Now, some people say that real intelligence will be achieved by putting in that fixed set of questions to ask this single easy-to-state-in-English question: “‍what other questions should I ask?‍” But I have never seen even a tenuous beginning of an outline of a way to pose that question to a computer. The closest we have ever come is “‍randomly generate a new program and see if it is ‘‍better‍’‍”—that is, mimic macro evolution—but that model has two huge flaws. First, like macro evolution itself, the set of possible changes is so huge and the set of useful changes so tiny that we’ve never witnessed a non-trivial survival-enhancing mutation without human intervention. Second, unlike biology where we can assert natural selection to determine which mutant is “‍better‍”, in a computer “‍better‍” has to be the result of a programmatic fitness function. Those turn out to be quite hard to write and very limiting on the form of the resulting programs.

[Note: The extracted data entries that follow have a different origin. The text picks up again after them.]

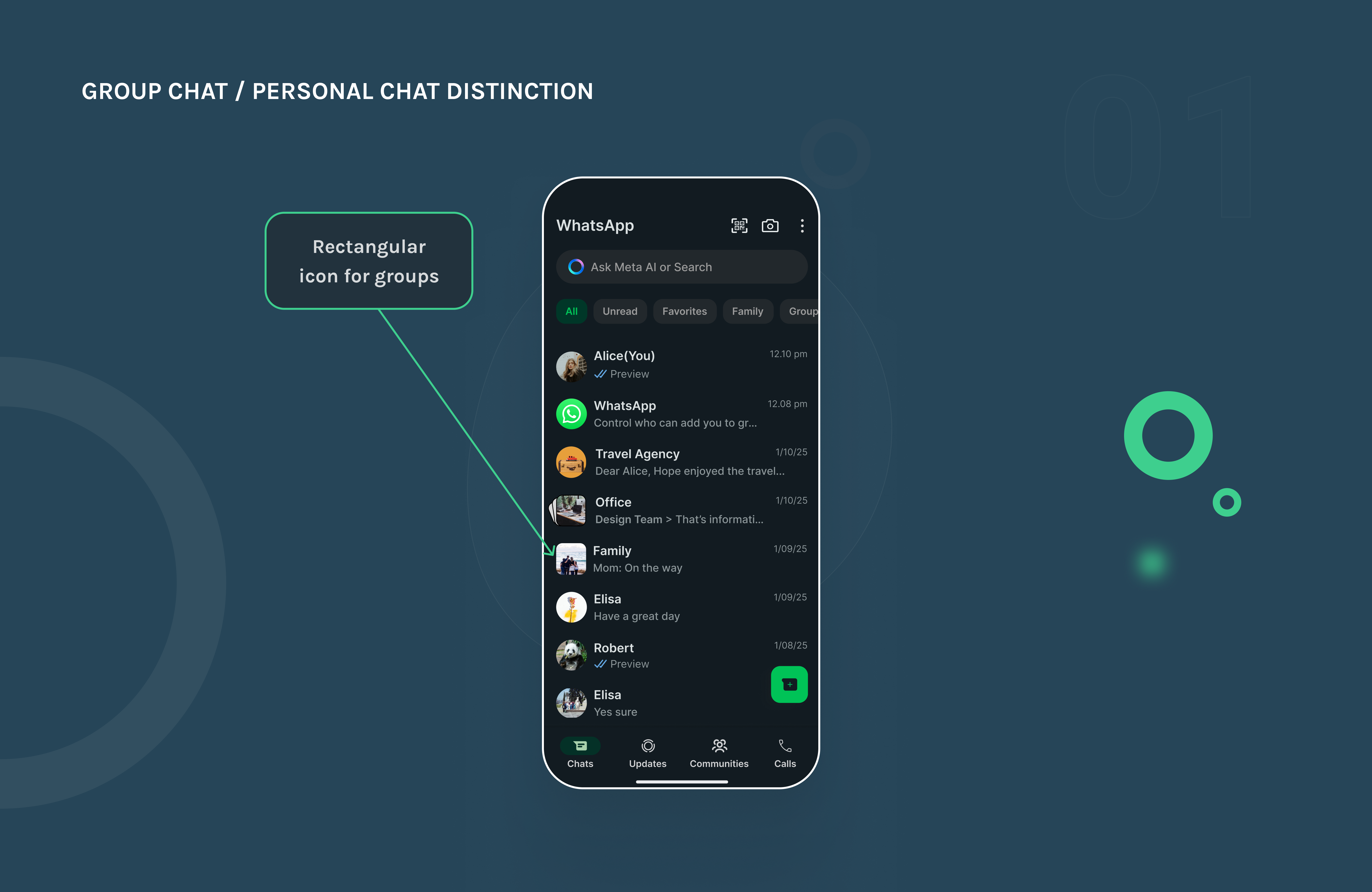 I added a distinct rectangular icon to group chats to visually separate them from personal conversations. This small but effective change makes it easier to scan the chat list and quickly spot group messages, reducing confusion and helping users stay organized across both personal and group interactions.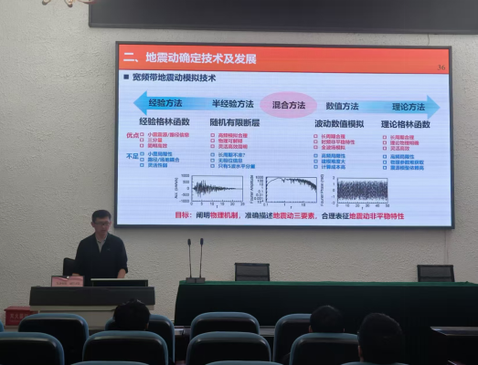 傅磊博士从抗震设防地震动的研究背景与现状、关键技术发展、工程实践应用三个层面系统展开讲解。他结合我国地震环境特征与重大工程分布实际,重点介绍了宽频带地震动模拟的五类主要技术方法,并对比分析了各类方法的适用条件与技术优势。傅磊博士还结合地震灾害三级防控体系、全国地震动参数区划、区域抗震防灾规划等典型案例,阐述了设防地震动在提升工程抗震韧性与城市安全水平中的关键作用。在交流环节,师生围绕地震动参数确定及强震动观测数据在工程中的应用等问题,与傅磊博士进行了深入探讨。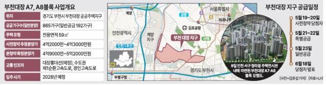 부천대장 A7·A8블록은 이달 19~20일 사전청약 당첨자를 대상으로 본청약을 개시한다. 이어 21~22일 특별공급, 23일 일반 청약자 대상 청약이 예정됐다. 6월 당첨자 발표, 9월 계약체결 예정이며, 입주는 2028년 1월이다.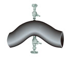 ●差壓變送器應(yīng)安裝在彎管傳感器的下方,使引壓管中的氣體排放回到管道中。如果現(xiàn)場(chǎng)條件是差壓變送器必須安裝在彎管傳感器上方,則要求與根閥連接的引壓管應(yīng)先向下,然后緩變轉(zhuǎn)彎向上,與差壓變送器連接。
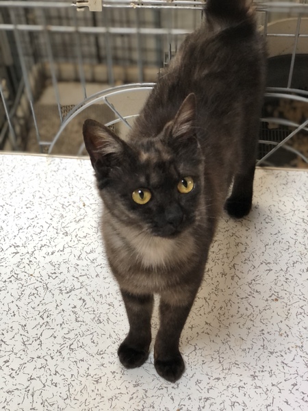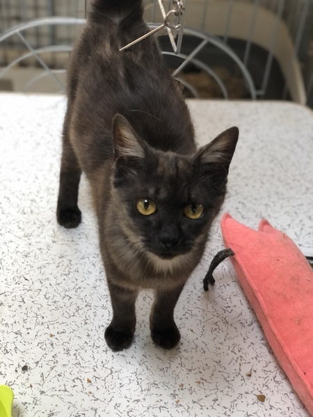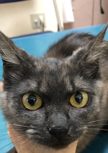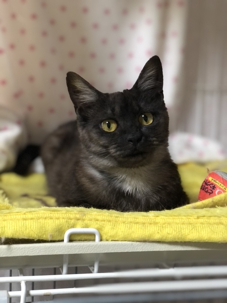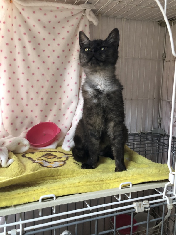 | 特徴(性格など) | 仮名、クレンちゃん 性別、女の子 年齢、獣医推定7.8ヶ月 特徴、ブラックスモークMIX。 まっすぐ尻尾。オレンジアイ。 性格、ベタベタの甘えた。抱っこ好き。 その他、避妊手術済。便検査済。 ブロードライン済。 3種ワクチン接種済。 |

That said, I do trust computers a lot. They take the error that is inevitably connected to creativity¹¹mostly to creativity’s flip-side, boredom out of the equation. I trust them to do exactly what we tell them to do. Except, when what we told them to do was “‍learn whatever it is this data suggests‍” and they say “‍OK‍” and you say “‍great, what did you learn?‍” and they say “‍whatever it is that that data suggested‍”… I’m not sure what I trust them to do?

Do I trust big-data-trained programs? They make usually-good decisions (which they can’t explain) based on lots of experience and no instruction, limited by the (usually undisclosed) structure imposed by the programmer. What’s not to trust?